Na sua opinião, as tecnologias transformadoras irão desbloquear o potencial das PME e das PMI de África, que representam 95% do PIB na África Subsariana. "Se estas empresas utilizarem a IA corretamente, África assistirá a um enorme progresso", garante.
No entanto, há dimensões sociais e éticas na IA que precisam de ser examinadas tanto pelos governos como pelos disruptores. Como tal, é necessário um ambiente regulamentar favorável à inovação que também possa mitigar os riscos emergentes associados à IA.

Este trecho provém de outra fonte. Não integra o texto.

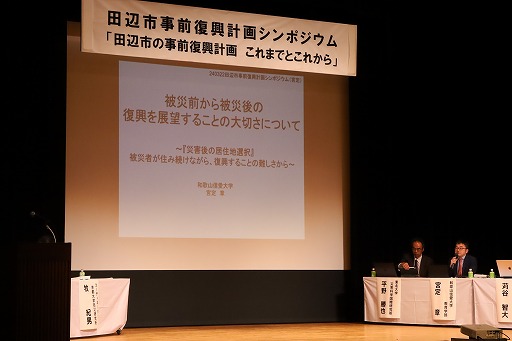 令和6年3月22日(金)田辺市の紀南文化会館 にて、災害からの復興を迅速に進めるための復興方針などをまとめる「事前復興計画」について考えるシンポジウムが開催されました。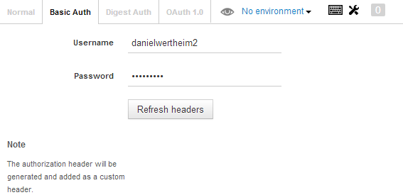 Since we have secured our database, I somehow need to pass the credentials. Here, I have chosen to do it using Basic http authentication (read more).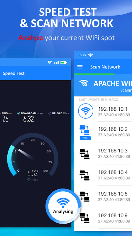 Wifi Speed Test - Speed Check, is best tool to check internet speed, tests wifi speed in one tap. It tests speed of wifi and data internet connection. Wifi Speed Test helps to exactly acquire the speed of ping, downloading and uploading, and ensure the network security of wifi hotspots.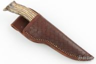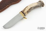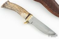 This knife by Larry Doores features a mirror polished blade with .182" blade stock and 1.255" blade depth, hidden tang construction. The handle has a brass guard and a crown stag grip with a leather spacer. Comes with a hand tooled brown leather sheath. Has some light scratches and a couple small oxidation spots, otherwise good condition.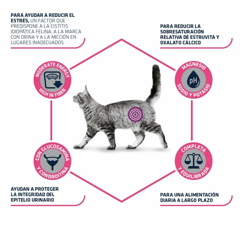 ADVANCE VETERINARY DIETS URINARY STRESS est un aliment diététique complet pour chats adultes contenant de la mélisse, du tryptophane et des peptides de poisson, des ingrédients qui aident à réduire le stress. Formulé avec un taux modéré de magnésium et des propriétés acidifiantes de l’urine, il est indiqué pour réduire la récurrence des calculs de struvite dans l’urine de votre chat.
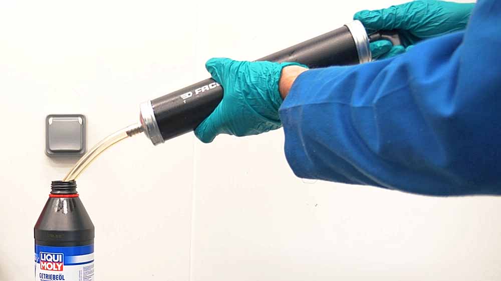 - Injectez l'huile dans la boîte de vitesses par l'orifice.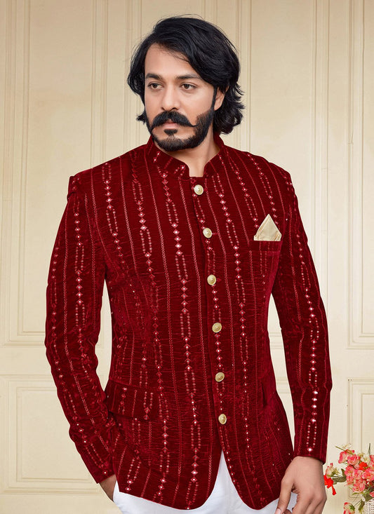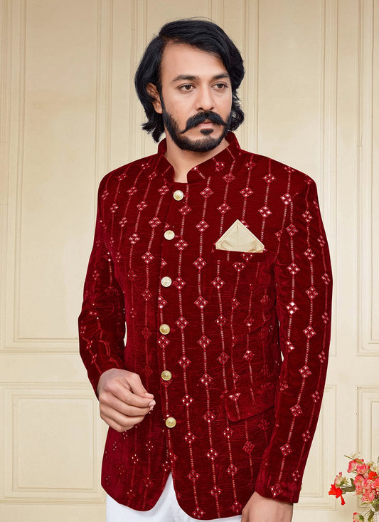 Jodhpuri Suit Velvet Maroon Embroidered Mens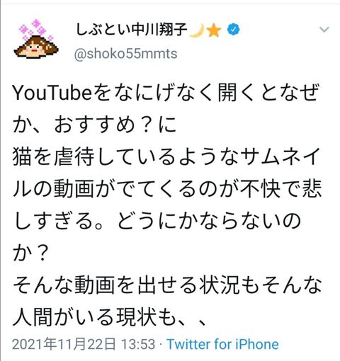 中川翔子「YouTubeがなぜか私に猫虐待動画をオススメしてくる」 2021/11/24 芸能人の気になる噂 1: 風吹けば名無し 2021/11/23(火) 06:36:32.30 ID:8ukmYAggr https://livedoor.blogimg.jp/uwasainfo/imgs/4/1/41615471.jpg 続きを読む Source: 芸能人の気になる噂
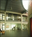 Den meget enkle plan, hvor funktionerne gruppere sig omkring rotunden, der er placeret centralt på det indendørs torv. Bygningen rummer 2850 m2 og har kostet 32 mio. kr. at opføre.
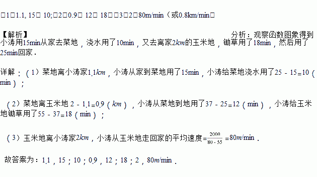 (1)菜地离小涛家的距离是____km,小涛走到菜地用了____min,小涛给菜地浇水用了___min.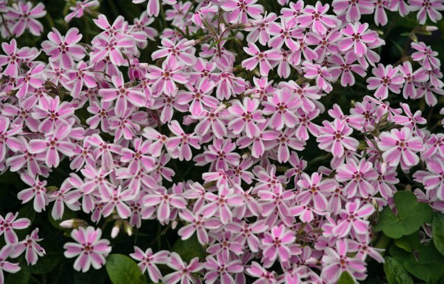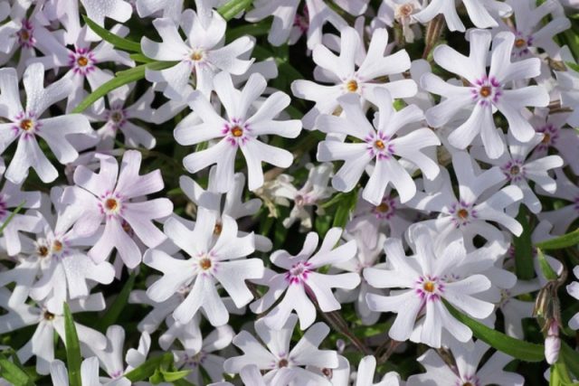 Giống phlox phủ mặt đất có màu sắc khác thường - hoa của nó có màu trắng, nhưng có một sọc rộng màu hồng ở trung tâm của mỗi cánh hoa. Trên mặt đất, Candy Stripes chỉ nhô lên 10 cm, hoa có đường kính nhỏ khoảng 2 cm, nở nhiều và sum suê vào tháng 5.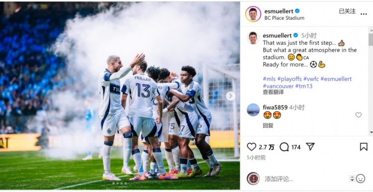 穆勒社媒晒出照片庆祝季后赛首胜,免费欧洲杯直播他写道:“这只是第一步,但运动活动 场 内的氛围太棒了,准备迎来更多…⚽️💪”

"A IA não vai perturbar tudo no mundo. Não vai criar empregos para toda a gente", adverte Adeagbo. Os excessos das redes sociais (sexismo, aumento da mercantilização das mulheres, etc.), as ‘fake news’, a darkweb, as implicações interculturais e a utilização indevida da IA para desenvolver armas são falhas que têm de ser corrigidas e antecipadas.
"Precisamos de conselhos de IA para determinar os setores em que a IA será utilizada. Imaginemos uma empresa que emprega 200 pessoas e a IA faz o trabalho de 20 pessoas, será que a empresa as vai despedir”, questionou.
Para além da educação desde tenra idade, os membros do painel apelam aos países africanos para que façam escolhas inteligentes e urgentes, promovam a colaboração entre os setores público e privado, criem um ecossistema robusto e reproduzam as melhores práticas entre países. O acesso das mulheres à tecnologia também tem de ser facilitado, apesar de há muito terem ultrapassado a barreira invisível, como na Nigéria, onde muitas mulheres dirigem grandes empresas, incluindo no setor digital.
Sem minimizar o impacto da tecnologia e das redes sociais no tecido social e até linguístico, Adnane Ben Halima sublinha que o problema reside antes na resistência à mudança. "É um problema de mentalidade. As ferramentas digitais trazem transparência, mas as pessoas têm de sair da sua zona de conforto", afirma, sublinhando que o problema não é apenas técnico. "Se quisermos implementar infraestruturas tecnológicas, é muito rápido, podemos ajudar a obter o financiamento, mas é necessário apoio ao mais alto nível do governo para que as pessoas aceitem as mudanças", afirma. Deu o exemplo da Huawei, que criou um "banco de talentos" para criar empregos e reter jovens talentos em África, bem como o programa "Women In Africa" destinado às mulheres. Apela também ao desenvolvimento de infraestruturas para reduzir as disparidades de conectividade entre países, regiões e géneros. Isto é particularmente importante para as mulheres, uma vez que 40% delas não estão ligadas à Internet. Recomenda igualmente o desenvolvimento do armazenamento de dados no continente, como foi feito no Senegal com a criação do centro de dados Diamniadio.